Sherry's big pitch was the slider. "I had a pretty good fast ball and a big overhand curve, but I had trouble with my control. So in the winter of '58, down in Venezuela, I went to work on the slider. Nobody taught me. My brother Norm was catching me and he worked with me, but nobody really showed me how to throw it. I just learned by myself. I throw it real hard, just like I was throwing a fast ball. I can throw it right at the batter and it will break over the outside corner. It doesn't drop, it just breaks across. The main thing is, I can always get it over the plate."
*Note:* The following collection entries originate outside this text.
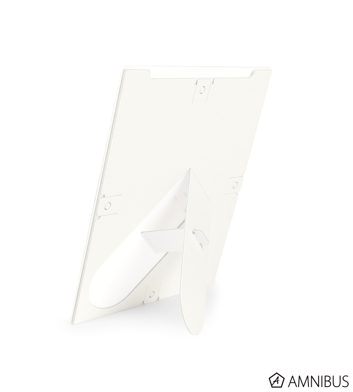 丈夫なマット紙で挟み込み、裏面にスタンドと壁掛け用の穴を搭載しました。
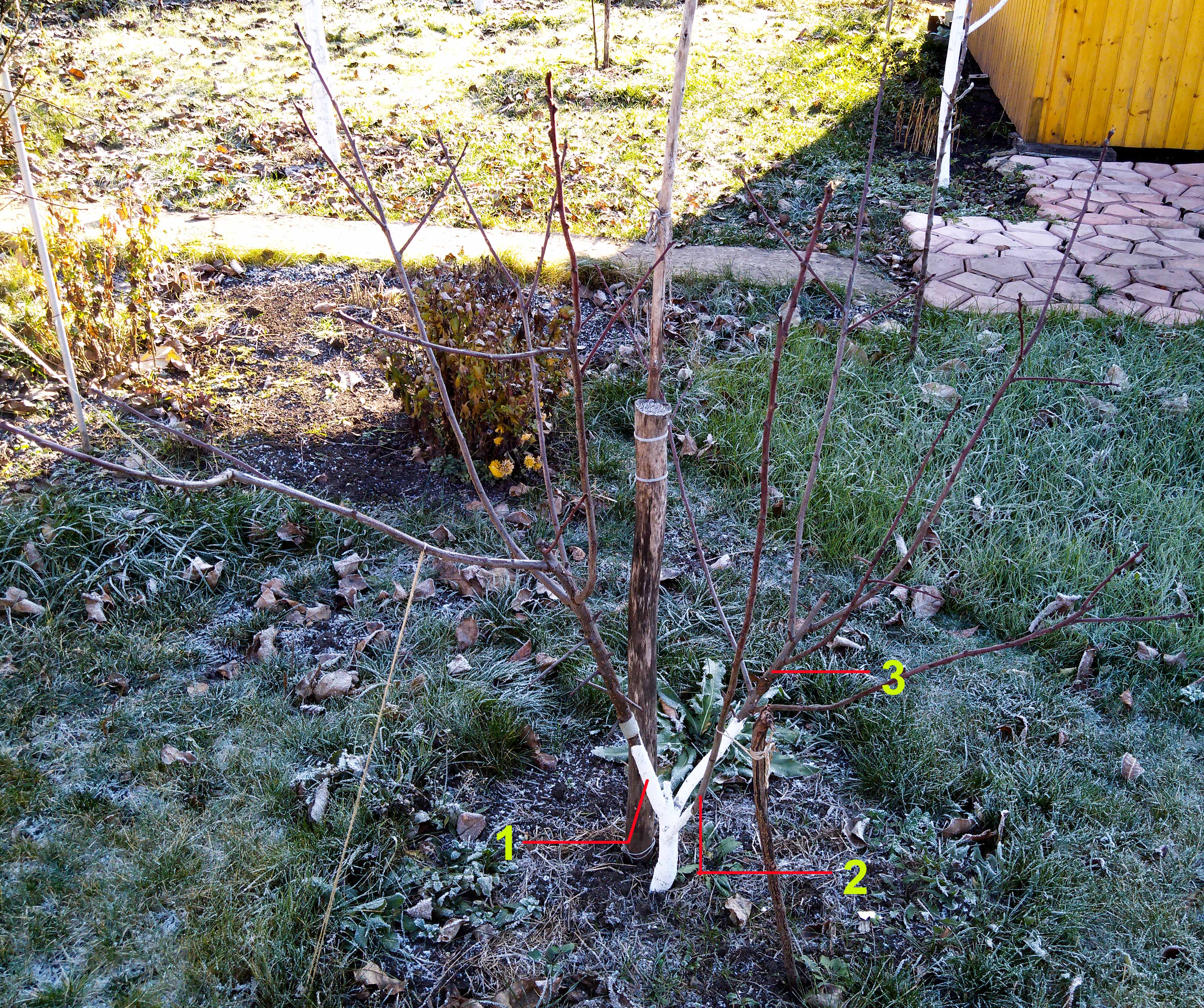 Прошу совет. Есть слива - 2 года. Покупал как алычу, поэтому начал формировать как куст. Когда понял, что слива и наверно сильно рослая, задумался правильно ли оставлять такую формировку. Может удалить ветви 2 и 3, а ветвь 1 выравнять, подтянуть вправо, и из нее формировать чашу?
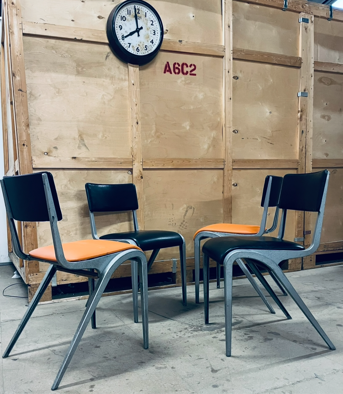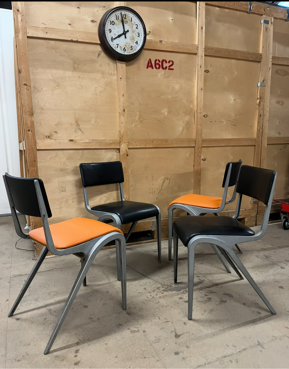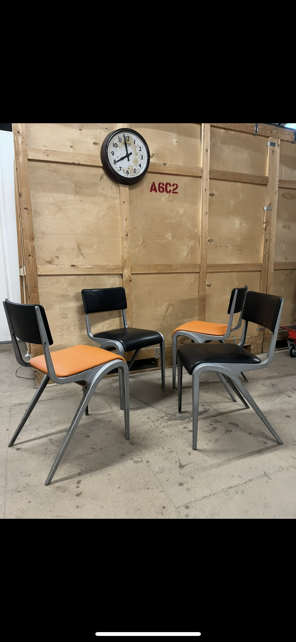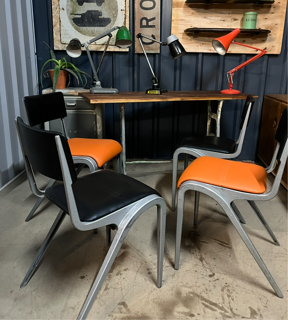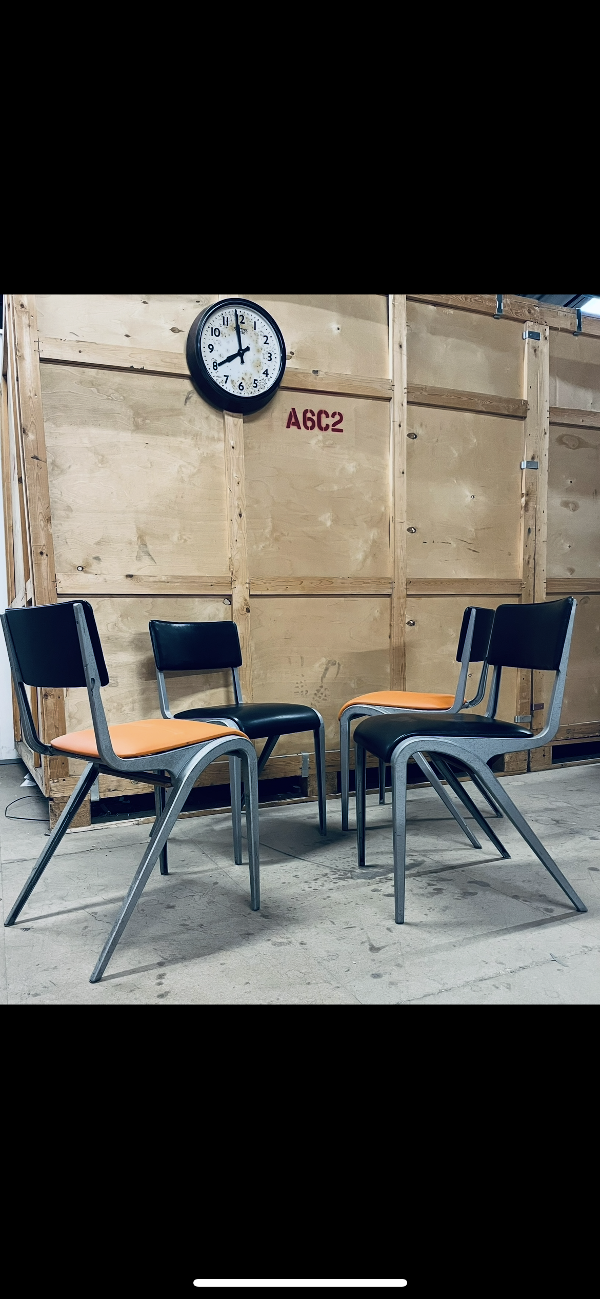 Beautiful aluminium swooping frames with faux leather cushions. Two black and two dark orange. These are becoming very hard to find now.
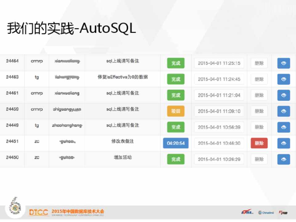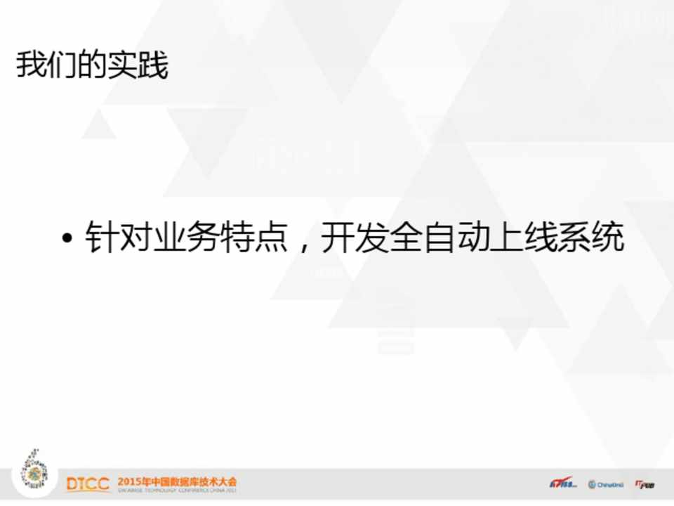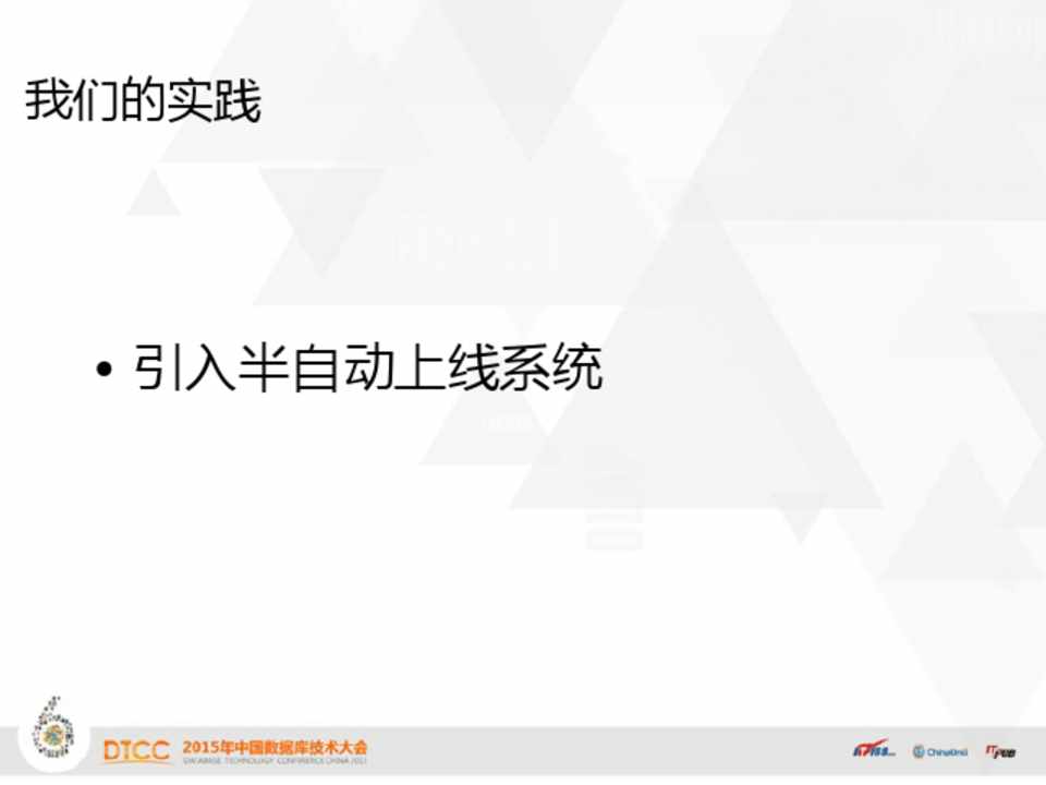 •缺点 -过于重量级 -相比较严格上线,任务描述过于模糊 -DBA 要改写不符合规范的上线
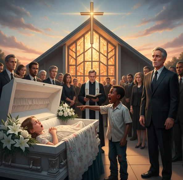 Au moment où les lourdes portes en bois de l’église s’ouvrirent brusquement, tous les regards se tournèrent vers l’assistance. Les funérailles s’étaient déroulées dans le silence – un milliardaire pleurant la perte de sa fille unique – mais le calme fut rompu lorsqu’un jeune garçon noir, maigre et vêtu de haillons, dévala l’allée en courant, criant d’une voix tremblante : « Ne l’enterrez pas ! Votre fille est encore vivante ! »
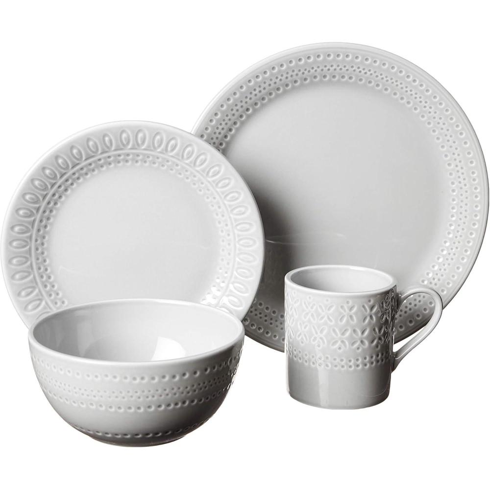 Made from glazed stoneware, the Kate Spade New York Willow Drive Collection is defined by its pretty, eyelet-inspired detail and sets the scene for any meal–whether it's a homemade, multi-course masterpiece or takeout. The Willow Drive Grey 12-piece Dinnerware Set is microwave and dishwasher-safe.
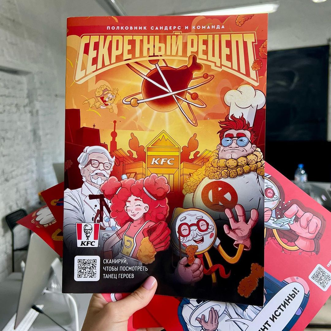 Это limited edition история с элементами дополненной реальности про захватывающие приключения Полковника Сандерса и его помощников. Вдохновленные нейросетью, куриными ножками, комиксами Marvel и DC, мы разработали уникальных героев, сюжет, иллюстрации и интерактивные стикеры с QR-кодом, отсканировав которые можно увидеть любимых 3D-персонажей, танцующих в дополненной реальности.

This spring, if Sherry has had any trouble, it is because of his weight. "They've been giving me a rough time," he grinned, "but I think I'm all right. I went up to about 210—well, really it was closer to 215—during the winter. It wasn't the mashed potatoes so much; I made a lot of radio and TV appearances but only about 20 banquets, and I remembered what happened to Turley last year, so I didn't eat much. Actually, I didn't have much time to eat; I was too nervous worrying about having to make a speech. Eventually, after I got to where I could hang on to a mike for five minutes and tell a few jokes, it wasn't so bad and then maybe I did eat. Anyway, I worked out in L.A. three weeks before coming down here and I got down to 208. Now I'm at 200, and I think that's all right."


"You know, the real trouble is that this is the first year I've had my family down for spring training. Before, I was always trying so hard to make the ball club, I didn't have time for that. But this year I'll lose four or five pounds during a workout, then go home and Sally has fixed a big dinner and the five pounds are back on again.

"If anybody thinks I'm overconfident, though, that I'll let myself get too heavy and lose what I've got, they're crazy. Being up here is too important. Last June I was living in a little rented house in St. Paul. Today I'm about to buy a nice home in L.A. A real fine company, Eagle Clothes in Brooklyn, gave me a good off-season job and I went all over the country, making speeches for them and modeling. They gave me a complete wardrobe.

"People know me now. Back home in L.A., when I take my family out for dinner, people come up to me in the restaurant and ask how I'm doing and what about the Dodgers. And listen. I got into a cab in New York and the cabbie looked at me and said, 'Hey, ain't you that kid that was in the Series?' That's pretty good, having someone recognize you in New York."